A letter of February 1636 mentions a Sir Thomas Stafford at court, perhaps the usher, who was "piteously in love, and some times he's in hope and some times in despair, and what will be his end I know not".

Lady Stafford was Constantijn Huygens's connection to the court architect Inigo Jones. When Jacob van Campen designed a new house for Huygens in The Hague, completed in 1639, he had a set of engravings made and sent a copy to Rubens. He sent another set to Lady Stafford so she could present them to Inigo Jones, with an invitation for her to see the new house and visit the court of Elizabeth Stuart, Queen of Bohemia. Huygens entrusted the package with the engravings to the English ambassador Sir William Boswell, and also involved Sir John Finet, master of ceremonies at court, to ensure Inigo Jones received the plans, which would show, "Vitruvius is not altogether exiled from Holland".

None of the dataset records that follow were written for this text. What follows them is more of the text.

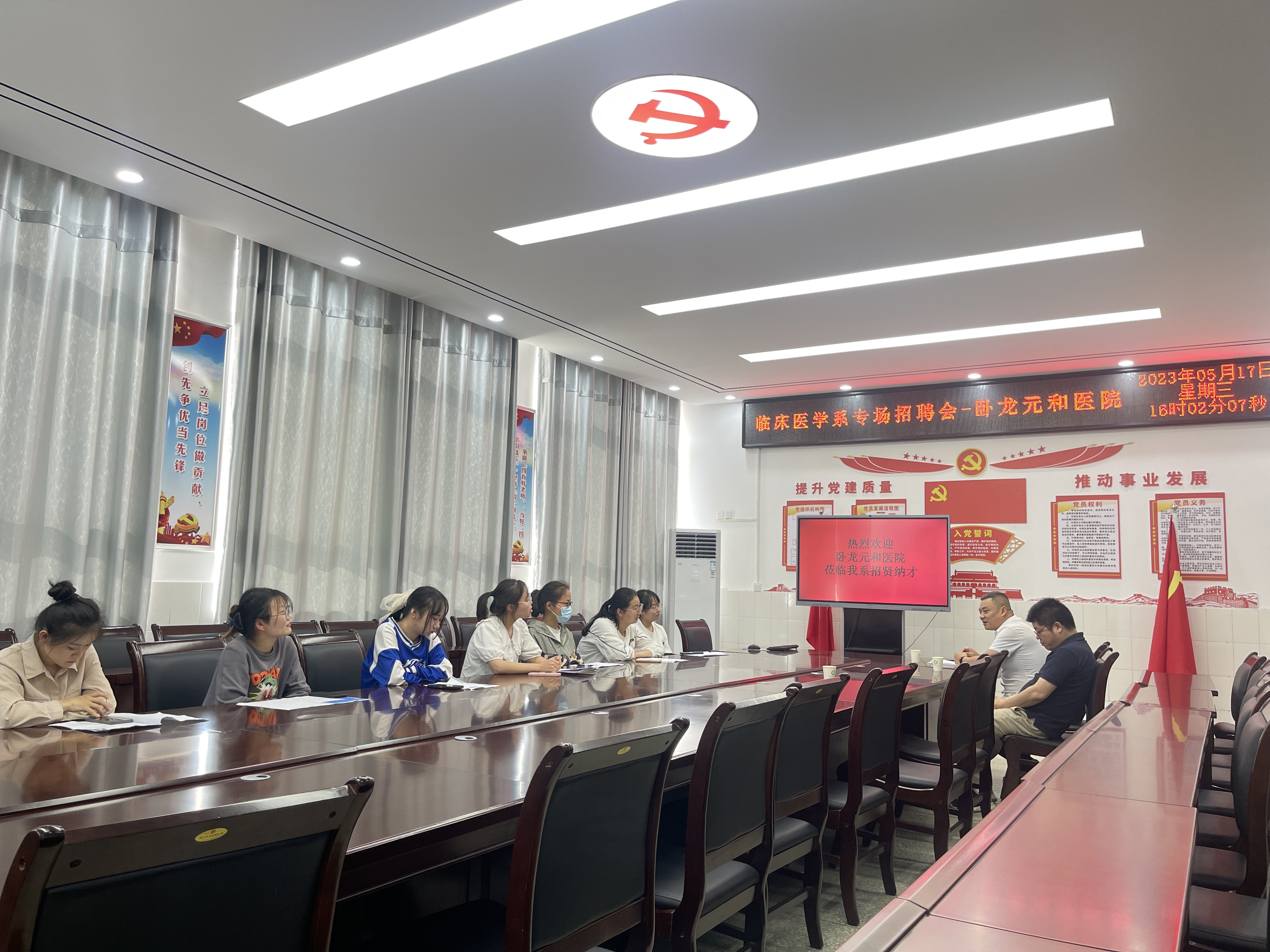2023年5月17日下午三点,临床医学系分别在四号教学楼408会议室、301教室举行专场招聘会。参加本次招聘会的用人单位主要有卧龙元和医院、卧龙民投康宁中医院。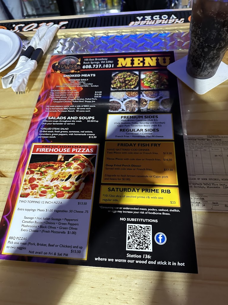 So glad to have Station 136 in town. Great food and friendly staff. Specials: Thursday night wings. Friday fish fry. I will be back for more.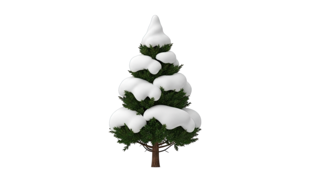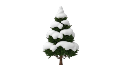 Snow covered pine forest isolated on a transparent background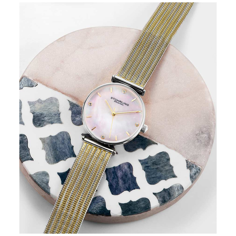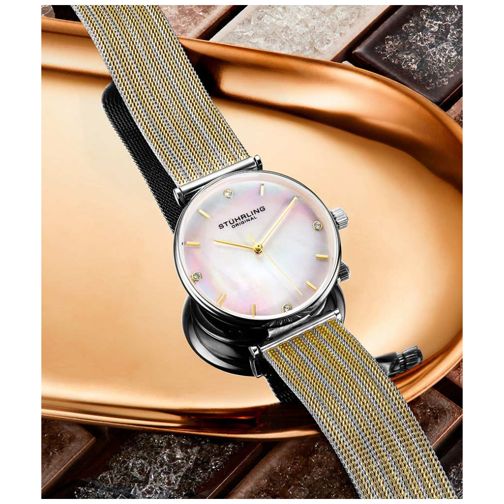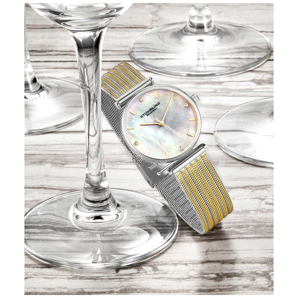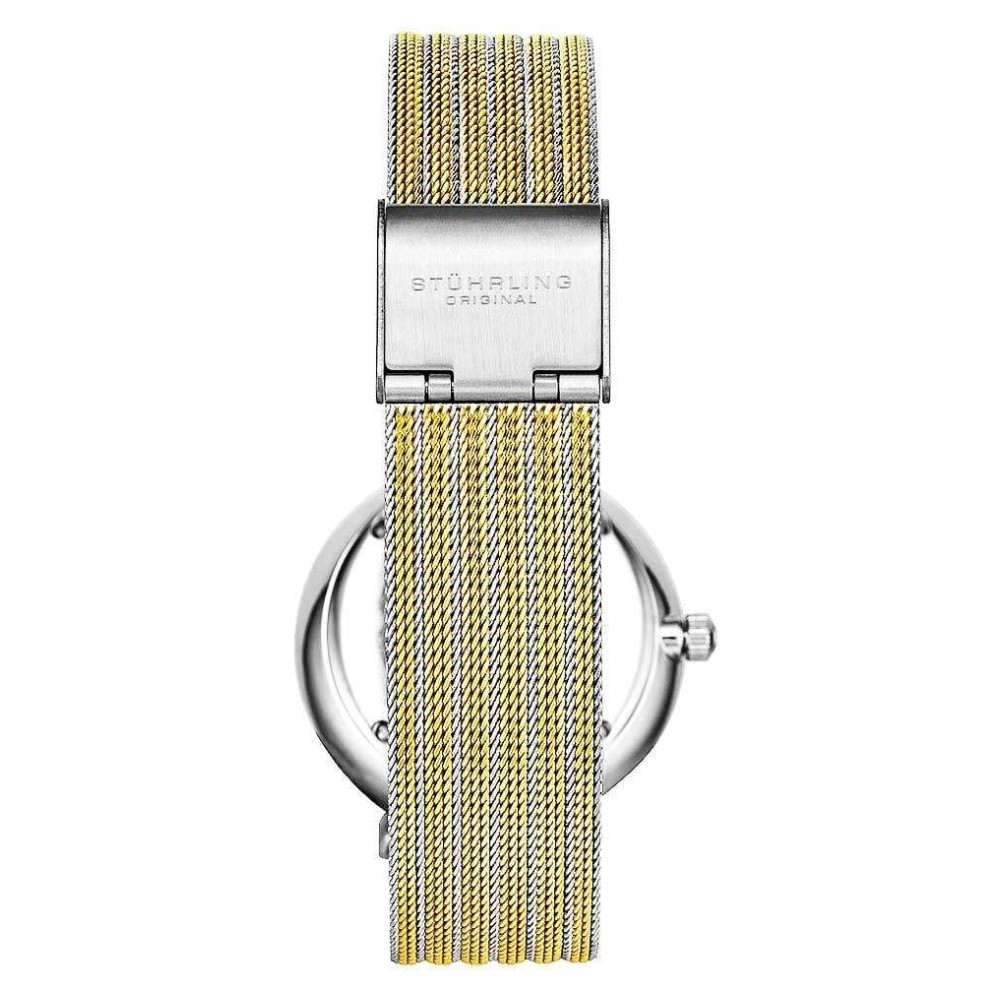 Relgio Stuhrling Cambria 3927, 32mm, mostrador prateado, pulseira em ao inox dourado e fivela dobrvel em prata Clssico e elegante.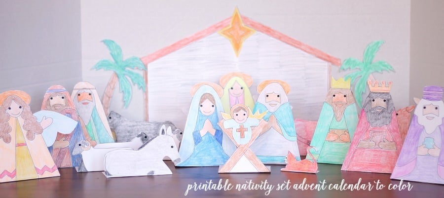 Truly enter into Advent this year as a family with this printable Nativity Advent Calendar ready for the kids to color. All of the characters are here: Mary, Joseph, Jesus, 3 Kings, 2 Shepherds, 3 Camels, 3 Sheep, 2 Cows, a Cat, a donkey, 2 Angels, 2 Trees, a Stable, a Manger, and a star.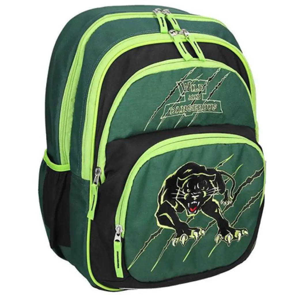 A vadon élő állatok közül ezúttal egy fekete párduccal találkozhat gyermeked a kiváló minőségű Spirit iskolatáskán amely zöld színe és menő mintázata divatos megjelenést kölcsönözhet neki az iskolai mindennapok során. A stílus mellett a kényelem is nagyon fontos szempont egy táska kiválasztásánál, a Spirit márka kiemelkedően odafigyelt az ergonómikus hátkiképzésre amelynek köszönhetően egyenes gerinctartással hordhatja gyermeked a táskát a mindennapokban. Párnázott és állítható vállpántja segítségével saját méretére állítható, így a lehető legkényelmesebb viseletet biztosíthatja. A táska nagyobb rekesze leginkább a tankönyveknek lett kialakítva, a kisebb zsebben a tolltartót, pénztárcát és egyéb apróbb használati tárgyakat tárolhatja gyermeked megelőzve ezzel a gyűrődések kialakulását. Kétoldalt kulacstartó található amelyben a fél literes kulacs gond nélkül elférhet.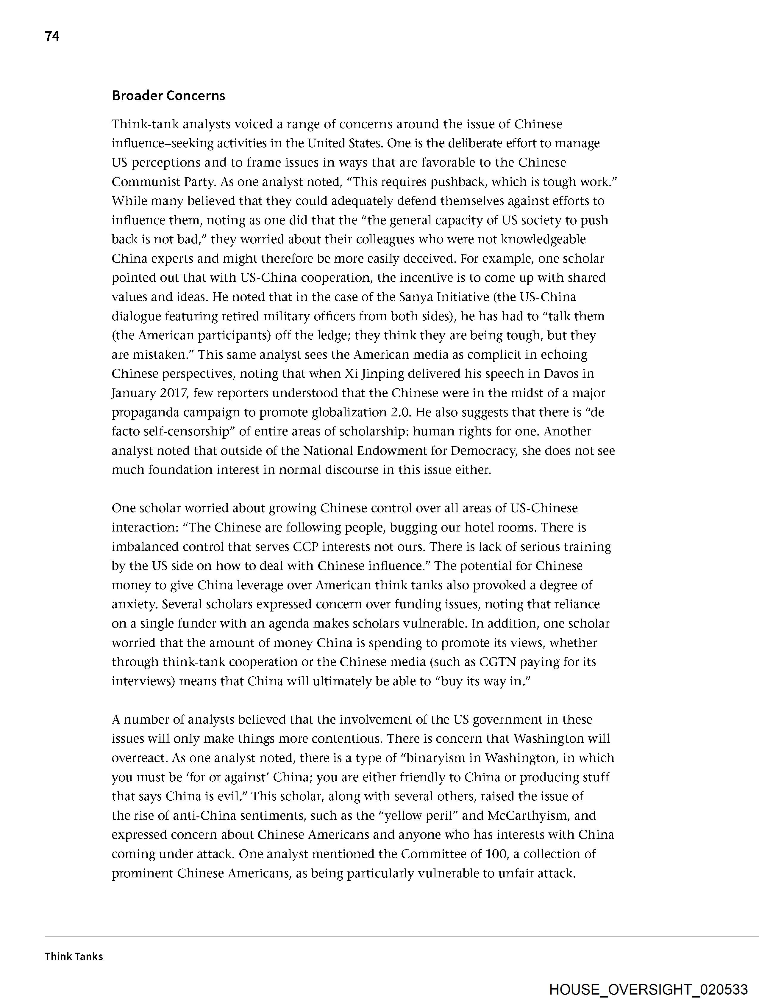 money to give China leverage over American think tanks also provoked a degree of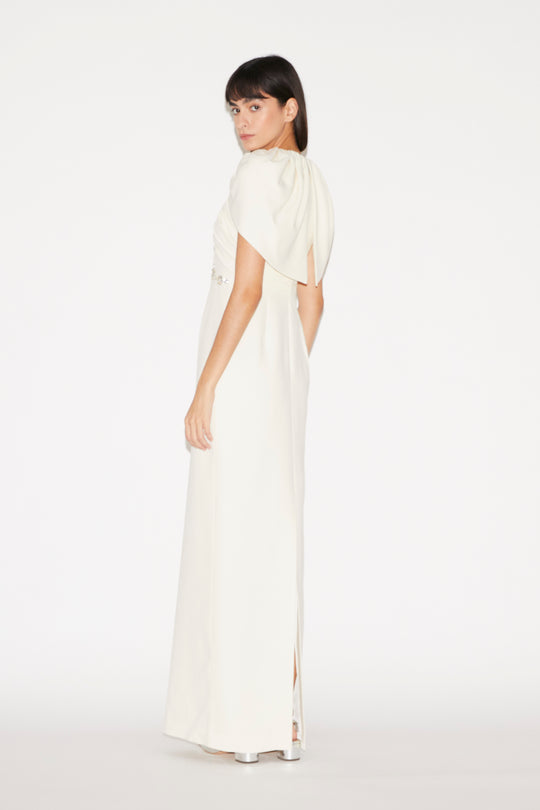 A sculpted, pleated bodice wraps across the shoulders to form a soft cape-like sleeve, adding gentle volume and architectural shape. The deep V neckline offers a feminine counterbalance, while a line of hand-applied crystal floral embellishments curves elegantly beneath the bust, subtly defining the waist.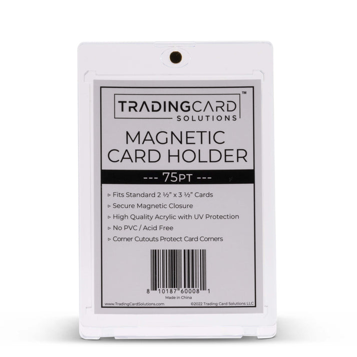 Secure and showcase your most collectible cards with the Trading Card Solutions Magnetic Card Holder – 75pt. This holder is engineered to fit standard‑size cards up to 75pt thickness, making it perfect for jersey cards, patch inserts, autographs, and other ultra‑thick memorabilia cards. It features a secure magnetic closure for easy access without tools, and is crafted from crystal-clear acrylic with UV protection to guard your cards from fading, dust, and scratches. The PVC‑free, acid‑free design offers archival-grade safety, and recessed, arrowhead-style corners help protect card edges. Ideal for sports collectors displaying high-value cards, this holder combines professional presentation with robust long-term preservation.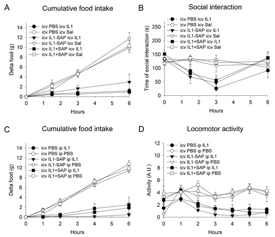 Effects of intracerebroventricular IL-1ß-saporin conjugate administration on subsequent IL-1β-induced sickness behavior. Intracerebroventricular pre-treatment with IL-1β-saporin conjugate did not affect the reduction in food intake and social interaction after intracerebroventricular IL-1ß administration (A,B). Intracerebroventricular administration of IL-1β-saporin conjugate did not affect the reduction in food intake and locomotor activity to subsequent intraperitoneal IL-1ß injection (C,D). IL1: interleukin-1ß; IL1-SAP: interleukin-1ß conjugated to saporin; IL1 + SAP: interleukin-1ß not conjugated to saporin; PBS: phosphate-buffered saline; Sal: saline; SAP: saporin. Group sizes: n = 5–9.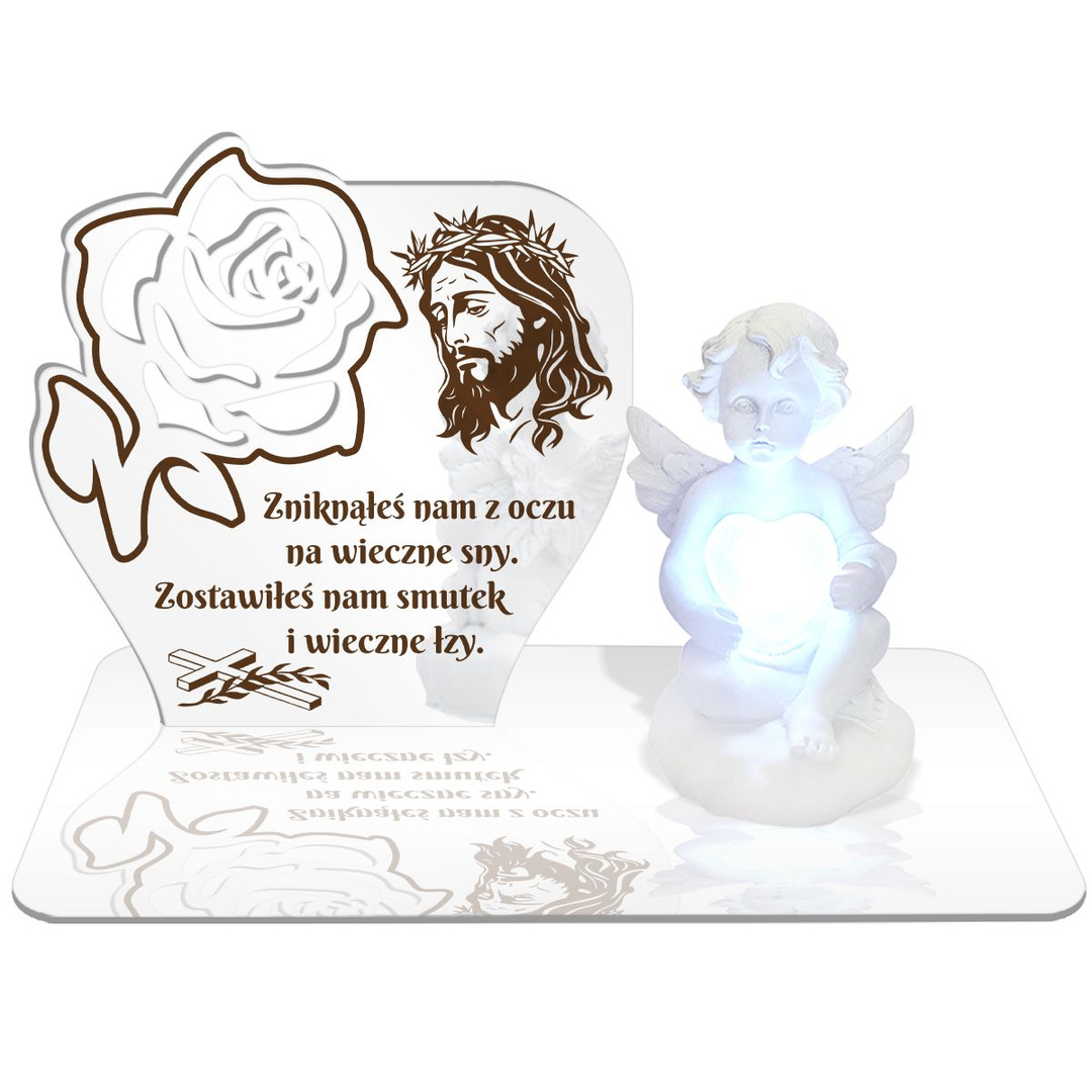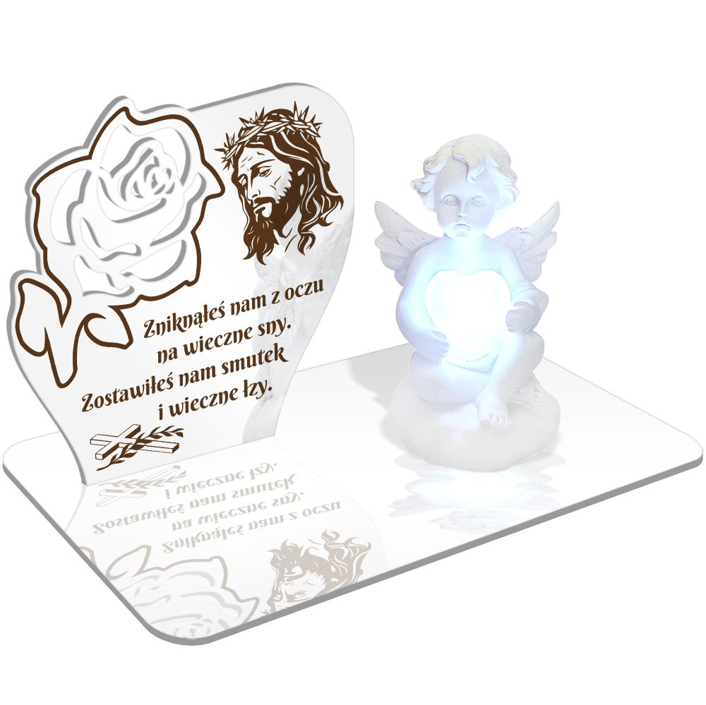 • ZNICZ LED GRÓB Dziecka Córki Syna ANIOŁEK PODSTAWKA NA CMENTARZ BIAŁY ANIOŁ

Lady Stafford was an acknowledged expert in the quality of musical instruments. Elizabeth Dudley, Countess of Löwenstein, a lady in waiting to Elizabeth Stuart, Queen of Bohemia, met Lady Stafford in London in 1639 and wrote to Huygens, saying that Lady Stafford often spoke of him and intended to send him a musical instrument called a theorbo. In 1649, unwell or uneasy about the questions, Lady Stafford would not recommend a lute that Jacques Gaultier was trying to sell to Huygens. This was a rare vintage instrument, made by Laux Maler. The family of the royal lutenist John Ballard had sold it to Charles I of England who had given it to Gaultier. Lisa Jardine suggests the sale of this lute once belonging to the deposed king may have been distasteful to Lady Stafford.

Mary Boyle, Countess of Warwick wrote, "she was a cunning old woman who had been herself too much, and was too long versed in amours." Mary Boyle had lived at a house of Lady Stafford's, and her brother Francis Boyle, Lord Shannon, married Elizabeth Killigrew at Whitehall Palace in 1639. Francis was sent to away to France after the marriage and Elizabeth and Mary Boyle were companions for a time, until Lady Stafford sent Mary Boyle to stay at her house near Hampton Court in 1641, angered by the visits of her lover Charles Rich.

In August 1646 she asked Charles Louis, son of Elizabeth, Queen of Bohemia, to write to his mother asking her to take her daughter Kate Killigrew as a maid of honour in her household, and then sent Kate to The Hague with his letter of recommendation.

Thomas Stafford died in 1655 and Lady Stafford considered moving to Maastricht or The Hague, possibly with her son Thomas Killigrew and his second wife Charlotte van Hesse. Huygens thought she would not find the conversation, pictures, performances, or music she enjoyed at Maastricht.

She died in 1656 and left a will. She wished to buried in the chapel of her own house at the Savoy on the Strand.

==Family==
Mary Woodhouse married:

(1) Sir Robert Killigrew, their children included;

- William Killigrew (1606–1695)
- Henry Killigrew (playwright), married Judith [?], their children included the poet Anne Killigrew.
- Thomas Killigrew, (7 February 1612 - 1683), married in 1638 Cecilia Crofts (d. 1638), a maid of honour to Henrietta Maria.
- Anne Killigrew, (1607- 8 July 1641); appointed dresser to Henrietta Maria in 1637; married George Kirke groom of the chamber; drowned at London Bridge; subject of Robert Heath's Epicedium on the Beautiful Lady Mrs A. K. unfortunately drowned by chance in the Thames in passing the Bridge, Henry King's An Elegy upon Mrs. Kirk unfortunately drowned in Thames, and her niece Anne Killigrew's On my Aunt Mrs A. K. drown'd under London-bridge in the Queen's Bardge Anno 1641.
- Elizabeth Killigrew, who married Francis Boyle, 1st Viscount Shannon, and was the mother of Charlotte FitzRoy, Countess of Yarmouth (d. 1684).
- Kate Killigrew (d. 1654), maid of honour or gentlewoman to Elizabeth Queen of Bohemia from 1646, died of smallpox.
- Catherine Killigrew
- Mary Killigrew, (1623-1677), married Sir John Jeames, a descendant of the lords of Haestricht in Holland.